*** Opening Task data ***

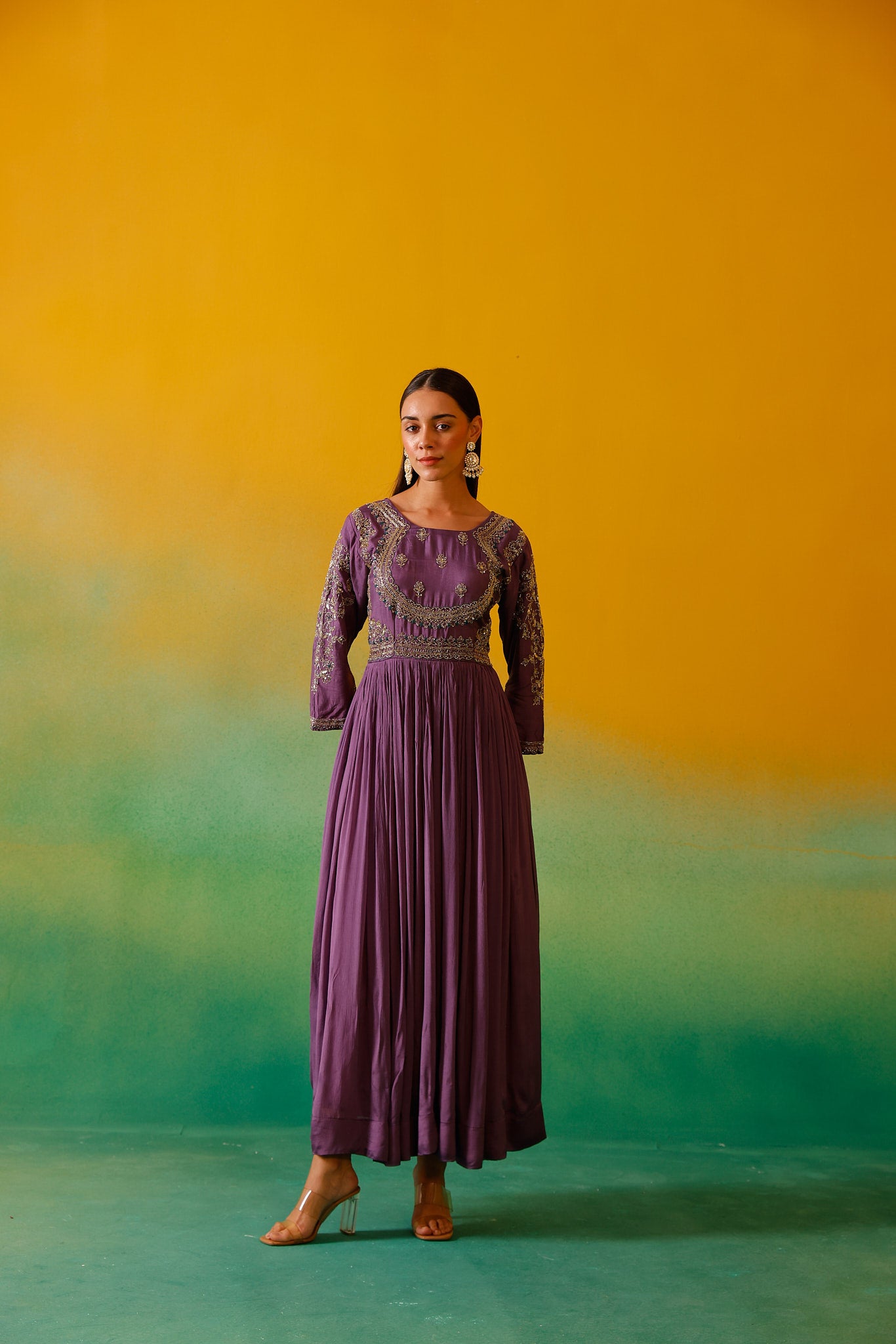 Neerus Lavender Embroidery Chinon Fabric Anarkali and Dupatta The elegant design and soft fabric will make you the center of attention at any gathering. Perfect for showcasing your sophisticated style.
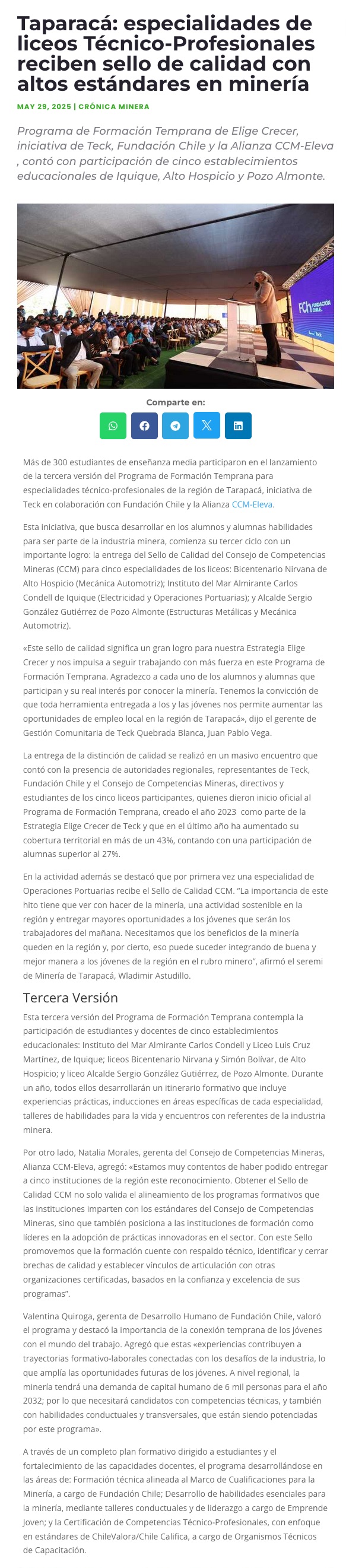 Iniciativa de Teck, Fundación Chile y la Alianza CCM-Eleva: Especialidades de liceos Técnico-Profesionales de la región reciben Sello de Calidad con altos estándares para la minería - (elreporterodeiquique)
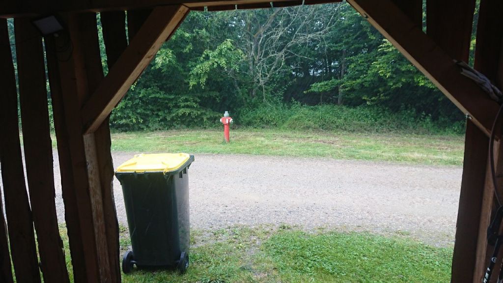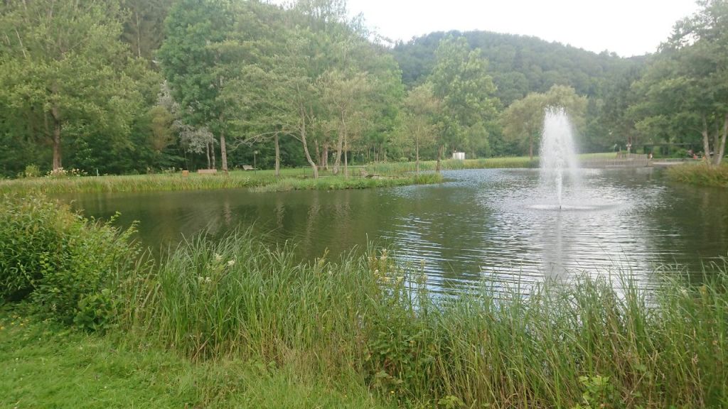Es geht nun einige Kilometer meist bergab bis wir schließlich zu dem Teich eines Angelvereins kommen, wo wir eine Mutter und Tochter mit Rucksäcken, die wir schon vorher am Dronketurm getroffen hatten, in der Sonne – ich denke noch „wie kann man nur?“ – rasten sehen, wahrscheinlich um zu trocknen. Der nächste Regenguss steht kurz bevor. Wir steigen ins Tal der Lieser hinab, wo zwar die Udersdörfer Mühle final geschlossen ist (Führer veraltet), dafür aber wenige hundert Meter weiter die Pension Haus Liesertal (als Einkehr nicht im Führer) Getränke und Snacks in einem Häuschen anbietet, wo man sich selbst bedienen kann und Geld in einen auf dem Tisch befestigten Briefkasten einwerfen kann. Eine hochwillkommene Überraschung. Jetzt fängt es richtig an, zu schütten und wir sitzen im Trockenen.
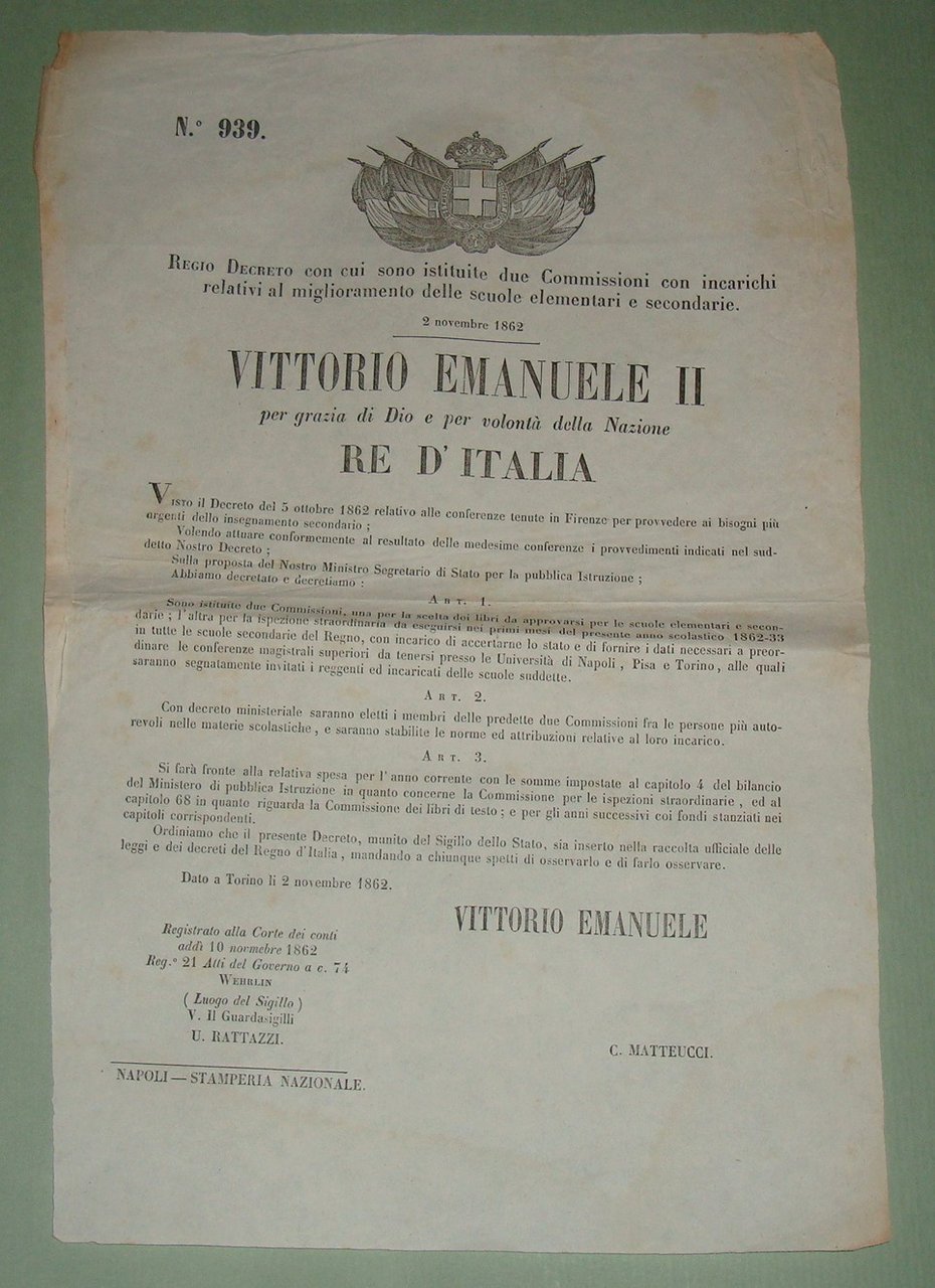 18 Regio Decreto 2 Novembre 1862. Con cui sono istituite due Commissioni con incarichi relativi al miglioramento delle scuole elementari e secondarie.
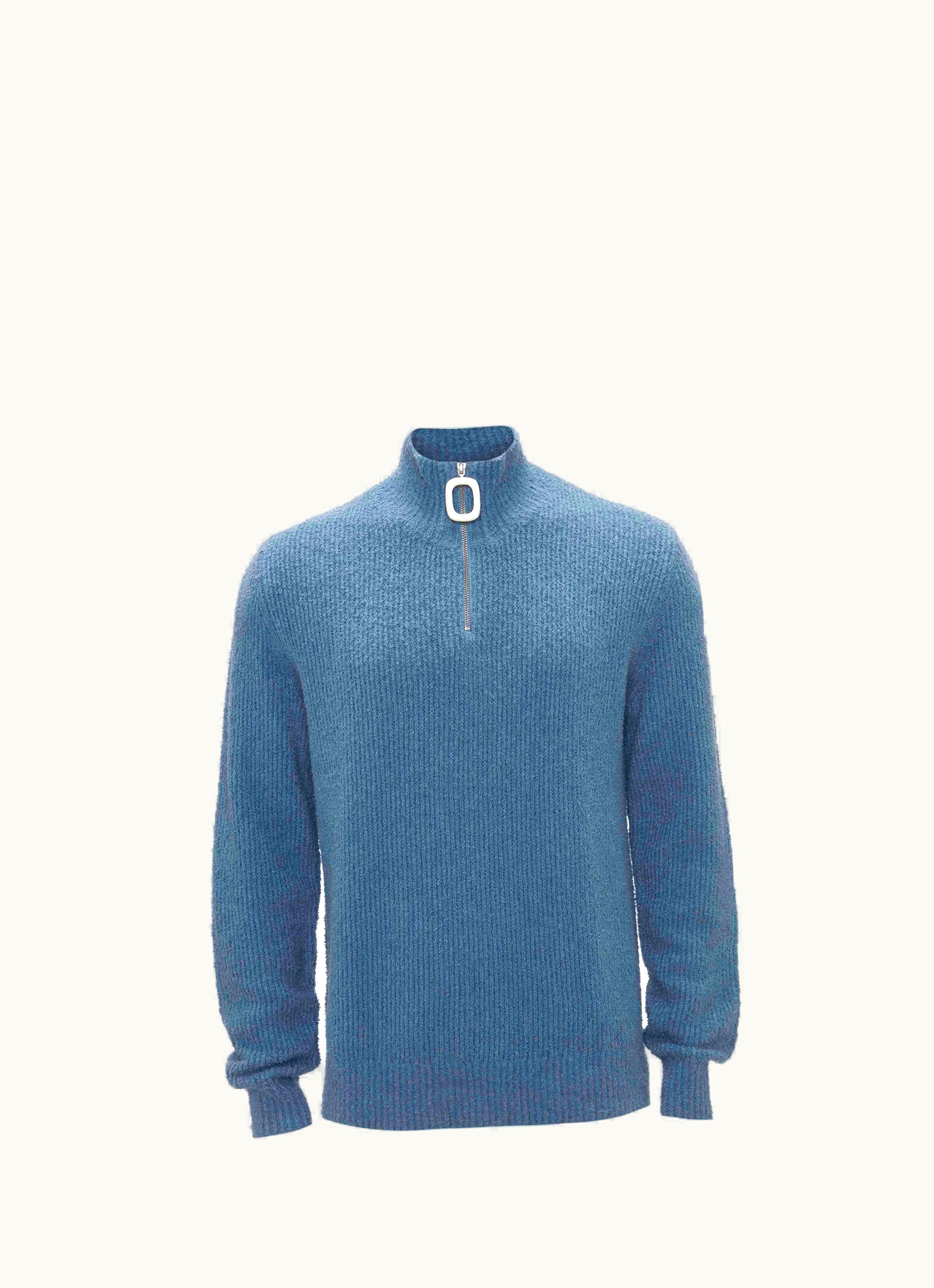 JW Anderson Boucle Henley Jumper In Blue | GLINT
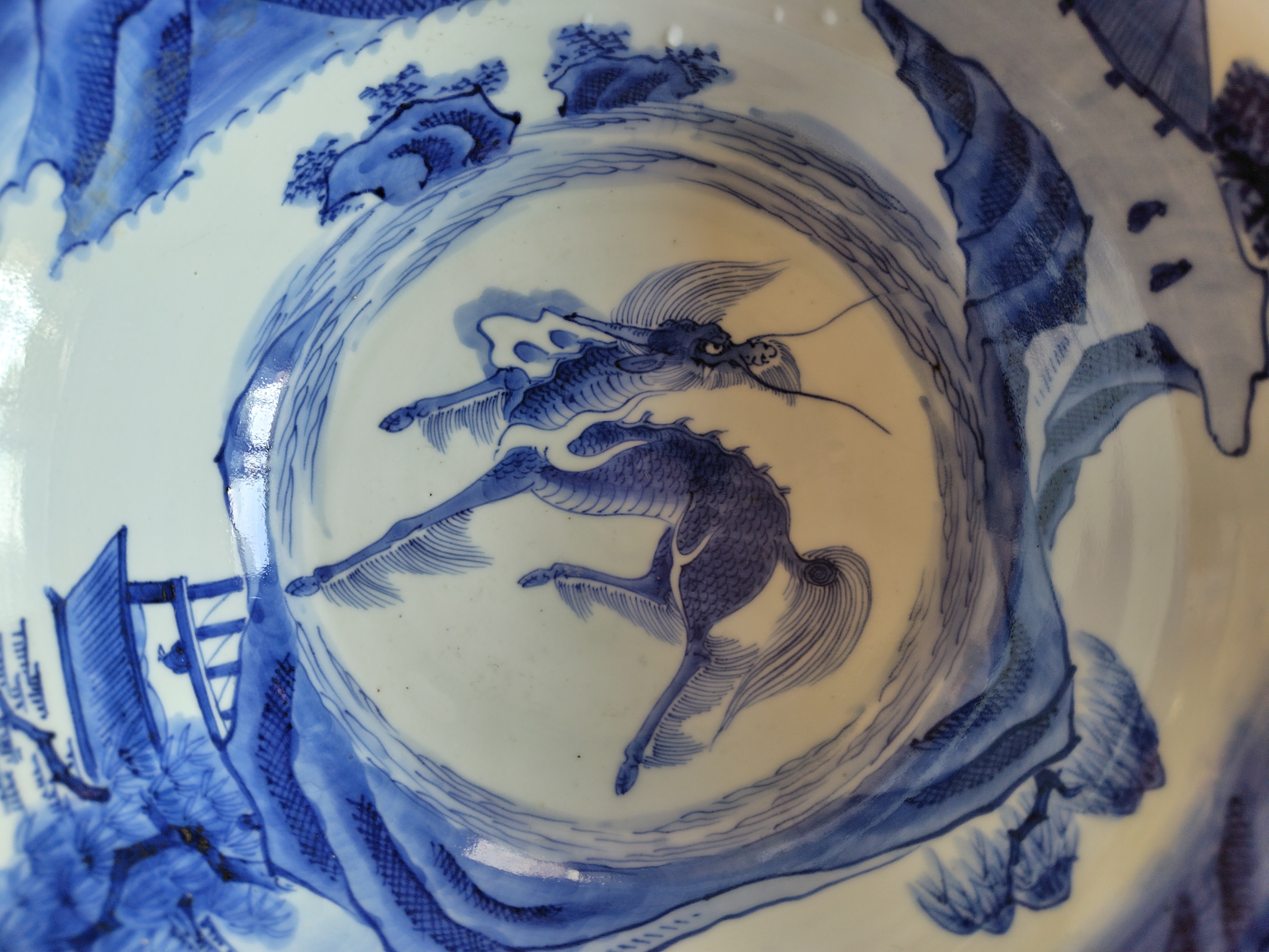 江戸時代幕末の麒麟図の伊万里大鉢です。
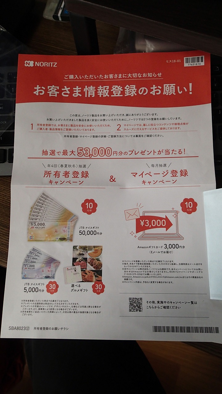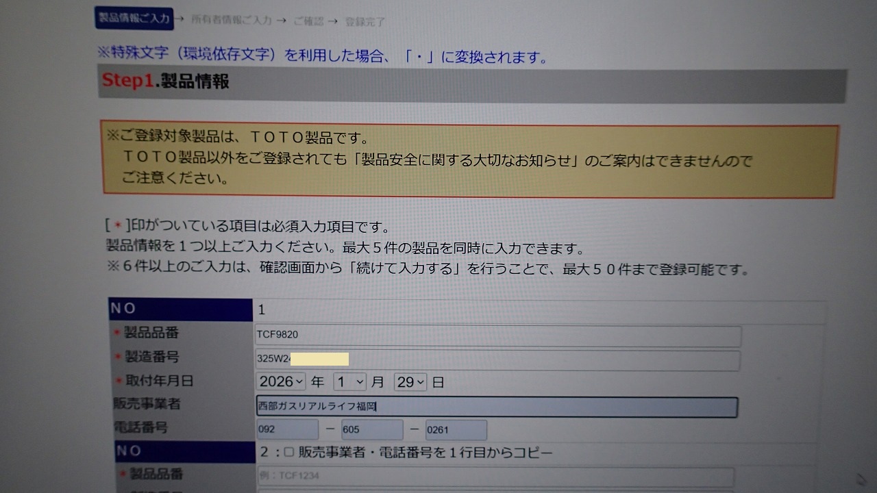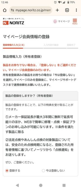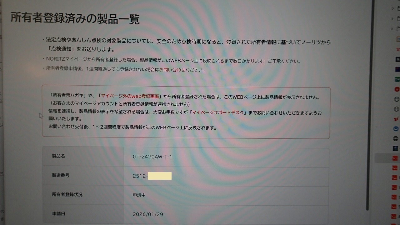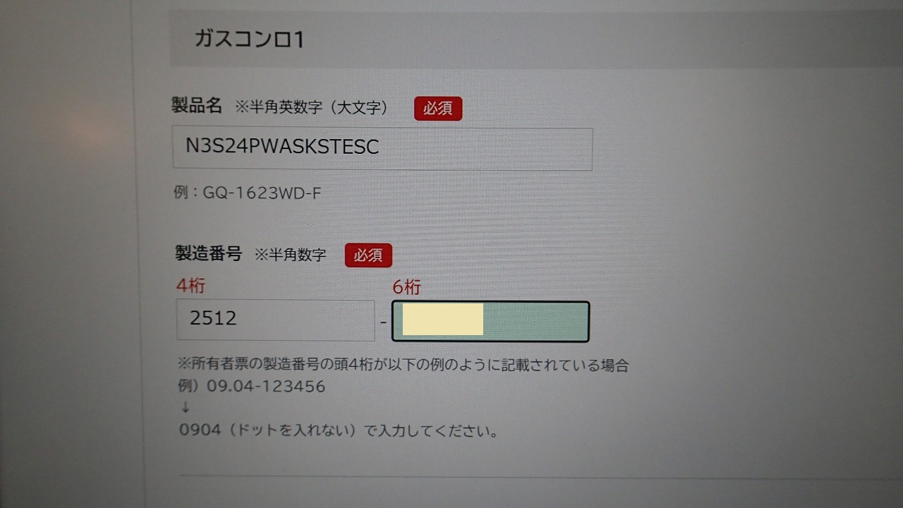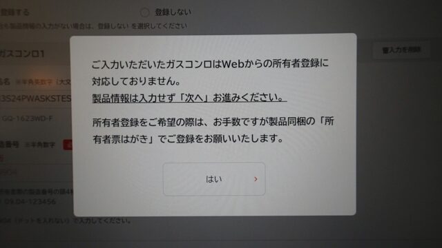 あらら、この機種のガスコンロはWeb登録できないみたいです・・・

*** Closing Task data ***

_Work required_
What is needed is an exact retyping of the lines from the start of the data through the line with "18 Regio Decreto", with both end lines kept and every picture left out.

_Exercise result_
 Neerus Lavender Embroidery Chinon Fabric Anarkali and Dupatta The elegant design and soft fabric will make you the center of attention at any gathering. Perfect for showcasing your sophisticated style.
 Iniciativa de Teck, Fundación Chile y la Alianza CCM-Eleva: Especialidades de liceos Técnico-Profesionales de la región reciben Sello de Calidad con altos estándares para la minería - (elreporterodeiquique)
Es geht nun einige Kilometer meist bergab bis wir schließlich zu dem Teich eines Angelvereins kommen, wo wir eine Mutter und Tochter mit Rucksäcken, die wir schon vorher am Dronketurm getroffen hatten, in der Sonne – ich denke noch „wie kann man nur?“ – rasten sehen, wahrscheinlich um zu trocknen. Der nächste Regenguss steht kurz bevor. Wir steigen ins Tal der Lieser hinab, wo zwar die Udersdörfer Mühle final geschlossen ist (Führer veraltet), dafür aber wenige hundert Meter weiter die Pension Haus Liesertal (als Einkehr nicht im Führer) Getränke und Snacks in einem Häuschen anbietet, wo man sich selbst bedienen kann und Geld in einen auf dem Tisch befestigten Briefkasten einwerfen kann. Eine hochwillkommene Überraschung. Jetzt fängt es richtig an, zu schütten und wir sitzen im Trockenen.
 18 Regio Decreto 2 Novembre 1862. Con cui sono istituite due Commissioni con incarichi relativi al miglioramento delle scuole elementari e secondarie.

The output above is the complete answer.